[lxc-devel] [RFC PATCH 11/11] loop: Allow priveleged operations for root in the namespace which owns a device

Tue May 27 07:16:26 UTC 2014

On Mon, May 26, 2014 at 10:39:22PM -0400, Michael H. Warfield wrote:
> On Tue, 2014-05-27 at 03:36 +0200, Serge E. Hallyn wrote:
> > Quoting Michael H. Warfield (mhw at WittsEnd.com):
> > > On Mon, 2014-05-26 at 11:16 +0200, Seth Forshee wrote:
> > > > On Fri, May 23, 2014 at 08:48:25AM +0300, Marian Marinov wrote:
> > > > > -----BEGIN PGP SIGNED MESSAGE-----
> > > > > Hash: SHA1
> > > > > 
> > > > > One question about this patch.
> > > > > 
> > > > > Why don't you use the devices cgroup check if the root user in that namespace is allowed to use this device?
> > > > > 
> > > > > This way you can be sure that the root in that namespace can not access devices to which the host system did not gave
> > > > > him access to.
> > > 
> > > > That might be possible, but I don't want to require something on the
> > > > host to whitelist the device for the container. Then loop would need to
> > > > automatically add the device to devices.allow, which doesn't seem
> > > > desirable to me. But I'm not entirely opposed to the idea if others
> > > > think this is a better way to go.
> > > 
> > > I don't see any safe way to avoid it.  The host has to be in control of
> > > what devices can and can not be accessed by the container.
> 
> > Disagree.  loop%d is meaningless until it is attached to a file.  So
> > whether a container can use loop2 vs loop9 is meaningless.  The point
> > of Seth's loopfs as I understood it is that the container simply gets a
> > unique (not visible to host or any other containers) set of loop devices
> > which it can attach to files which it owns.  So long as the host can't
> > see the container's loop devices (i.e. so it unwittently mounts it when
> > looking for a particular UUID for /var), it won't get fooled by them.
> 
> > So in this case *if* we can do it, a purely namespaced approach - meaning
> > that we restrict visibility of a particular loopdev to one container - is
> > perfect.  
> 
> And in that "*if" is a cloud that says "then a miracle occurs" and that
> miracle needs a lot more detail.  How that translates into what is and
> is not visible and what can be mimiced in a container becomes important
> (to say nothing of notifying its udev).  I think this loopfs thing is
> the answer for the loop device case, we just need to clear up those
> details and exorcise the devils we find in them.  The loop devices are
> unique while they strangely seem to work with minimal leakage already
> (all meta data at this time).
> 
> Seth remarked that, maybe, he's not paranoid enough.  You know that I'm
> a well trained professional paranoid and I accept if people think I'm
> overly paranoid (is that even possible?).  Even paranoids have enemies
> and just because you're paranoid it doesn't mean they're not out to get
> you.  While I admit that total isolation is virtually (excuse the pun)
> impossible that doesn't mean I don't strive to maximize the isolation
> and analyze the possibilities and consequences of compromise.
> 
> As I stated, "I don't see any way to avoid it".  I would love to be
> proven wrong.  It would permit my life to be so much more easy.  But how
> can we allow this without the host in control of it and directing things
> to the containers?  A container may request something and the host can
> grant it but the container should not be capable of demanding a device
> over and above the control of the host.  How do we define the rules that
> say what a container can do and what it cannot do without it involving
> knowledge in the host (whitelisting as Seth call's it) of what is and is
> not allowed in the container?

I need to post some code so we have something concrete to discuss, just
haven't gotten to it yet due to travel and meetings. I'll try to work
the code into something presentable and send it out later today.
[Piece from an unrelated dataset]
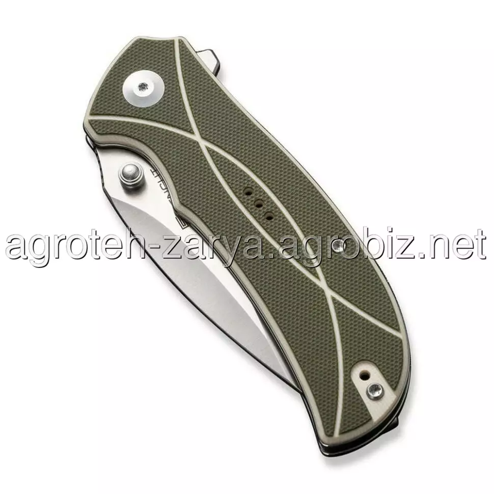 По обидва боки руківʼя закріплені рельєфні накладки зі склопластику G10, який відповідає за міцний хват. Матеріал не вбирає вологу та запахи, не тріскається при ударі та перепадах температури, тому інструмент можна використовувати за будь-яких умов, де потрібен надійний та довговічний помічник.

But in loopfs the kernel would ultimately controls directing loop devs
to containers based on the mount. A container can request a free loop
device via loop-control, and one gets assigned to that mount. Userspace
can ask for a specific loop device number, but if that device is
associated with a different mount that will fail, so the container can't
gain access to another context's loop device. The container has access
to only its loop devices by virtue of not having device nodes for any
other devices.

> We already have the problem that the container devices.allow and
> devices.deny are major and minor based, which we know is fundamentally
> flawed in a udev environment.  We specify major:minor in the
> configuration files as if they are cast in cement (which they are in all
> common cases) but they are not in the general case.  Greg K-H hammers on
> this frequently.
> 
> The loop devices are unique and deserve a unique solution, I'll agree.
> But I'm also comfortable that the host should have rules and procedures
> to whitelist hard devices and loop devices and manage their transfer
> and/or sharing into the containers.

I'm aiming for being able to use the same tools to manage loop device in
a container as on the host. If the whole thing needs to be managed by a
process on the host then I suspect we need something more like
intercepting ioctls on loop-control within the container so the manager
can handle them.